Автор книги: Юлия Курбанова
Жанр:
Классическое фэнтези
сообщить о нарушении
Текущая страница: 1 (всего у книги 7 страниц)
Юлия Курбанова
Эра Огня
Пролог
Хмурое небо низко нависло над городом. Казалось ещё немного, и оно обрушится на головы людей, идущих толпой к Главной площади, но оставит их невредимыми – только расстелется у ног, превратится в легкий туман и окутает каждого молочной пеленой. Промозглая сырость, пробиравшая до костей, не смогла удержать ни одного из этой толпы дома. Несмотря ни на что все они стекались к заветному месту. И если бы из под земли вырвалось пламя и встало стеной на их пути, они бы бесстрашно прошли через него только потому, что отложили все свои дела и не хотели возвращаться к ним раньше времени. Готовилось событие не из ряда вон выходящее. И даже не событие, а повседневное дело, ставшее обыденной частью жизни для горожан. Люди в Авиране привыкли к подобным событиям и столпились на площади кто из праздного любопытства, кто из злорадства, кто из горькой покорности судьбе. Мелочные недостойные чувства, но и они требовали удовлетворения. Однако в толпе нашелся один человек, которого это событие потрясло и сделало равнодушным ко всему остальному. Он отвёл глаза, когда увидел, как упала и истошно закричала женщина. Он только немного удивился, когда на помощь ей бросились несколько человек. Он воспринимал собравшихся здесь людей как жестоких соучастников подготовляемой казни, намеренного убийства, и взаимопомощь среди них казалась невозможной. Они должны были также ненавидеть друг друга как старались ненавидеть несчастную, ради которой отложили все дела и проделали путь от дома до Главной площади.

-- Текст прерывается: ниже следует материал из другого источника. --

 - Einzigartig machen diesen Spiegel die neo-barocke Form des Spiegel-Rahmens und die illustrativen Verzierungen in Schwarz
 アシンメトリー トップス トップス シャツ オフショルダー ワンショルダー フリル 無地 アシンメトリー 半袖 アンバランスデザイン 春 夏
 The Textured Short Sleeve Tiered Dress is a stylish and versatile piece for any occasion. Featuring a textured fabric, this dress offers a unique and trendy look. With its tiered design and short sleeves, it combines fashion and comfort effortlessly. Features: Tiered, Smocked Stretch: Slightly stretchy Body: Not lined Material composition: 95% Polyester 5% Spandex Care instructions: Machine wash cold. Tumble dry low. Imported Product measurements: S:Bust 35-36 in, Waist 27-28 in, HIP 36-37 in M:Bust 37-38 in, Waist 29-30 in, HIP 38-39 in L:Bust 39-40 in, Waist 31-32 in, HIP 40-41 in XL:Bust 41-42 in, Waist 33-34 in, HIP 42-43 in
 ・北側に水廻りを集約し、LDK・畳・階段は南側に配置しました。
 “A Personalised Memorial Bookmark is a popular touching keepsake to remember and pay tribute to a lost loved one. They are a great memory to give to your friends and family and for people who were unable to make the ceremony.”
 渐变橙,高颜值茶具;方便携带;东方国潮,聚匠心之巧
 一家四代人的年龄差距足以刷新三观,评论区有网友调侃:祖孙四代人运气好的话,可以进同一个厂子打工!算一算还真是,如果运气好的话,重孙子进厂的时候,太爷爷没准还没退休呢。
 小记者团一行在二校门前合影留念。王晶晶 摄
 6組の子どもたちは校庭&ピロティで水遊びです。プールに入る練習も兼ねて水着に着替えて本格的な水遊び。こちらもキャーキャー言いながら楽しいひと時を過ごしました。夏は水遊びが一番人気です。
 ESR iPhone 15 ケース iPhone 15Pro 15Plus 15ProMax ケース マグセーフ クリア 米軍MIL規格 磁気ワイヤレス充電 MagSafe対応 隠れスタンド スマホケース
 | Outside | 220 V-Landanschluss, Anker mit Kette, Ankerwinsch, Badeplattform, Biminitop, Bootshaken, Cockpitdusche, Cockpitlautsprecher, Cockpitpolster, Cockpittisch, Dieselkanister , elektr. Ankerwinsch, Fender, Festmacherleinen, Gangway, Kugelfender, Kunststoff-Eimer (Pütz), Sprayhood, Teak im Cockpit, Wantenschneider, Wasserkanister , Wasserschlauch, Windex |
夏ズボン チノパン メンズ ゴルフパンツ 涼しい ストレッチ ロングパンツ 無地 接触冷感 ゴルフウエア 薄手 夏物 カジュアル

На площади толпа образовала круг. В центре его стоял столб на небольшой возвышенности. Вокруг столба уже разложили бревна и вязанки хвороста. Все было готово. Появились священники-лжеборцы. Лица их – схожие между собой маски, ничего не выражали. Фигуры – двойники в чёрных одеждах, несли себя гордо и надменно. Они встали в центре круга и сложили руки замком на уровне груди. Толпа замерла в ожидании, пока двое палачей вели осужденную к месту казни. Это была стройная девушка с длинными тёмными волосами, распущенными по плечам и опадавшими плавными волнами до пояса. Платье, надетое на ней, превратилось в лохмотья. Ее глаза потухли, стали бессмысленны и пусты. Увидев её, многие поняли, что она больше не подвластна страху смерти – сильнейшему человеческому страху. Она была слишком истерзана всем, что пришлось вынести в руках палачей, и смерть ей казалась избавлением. Это немного расстроило жестокую толпу. Гул голосов волной перекатился над головами людей и стих как не бывало. Девушку приковали цепями к столбу и начали обыкновенную проповедь, предостерегая и наводя ужас на собравшихся.
– Кара земная и кара небесная настигнет любого, кто творит зло! – так закончил свою речь лжеборец.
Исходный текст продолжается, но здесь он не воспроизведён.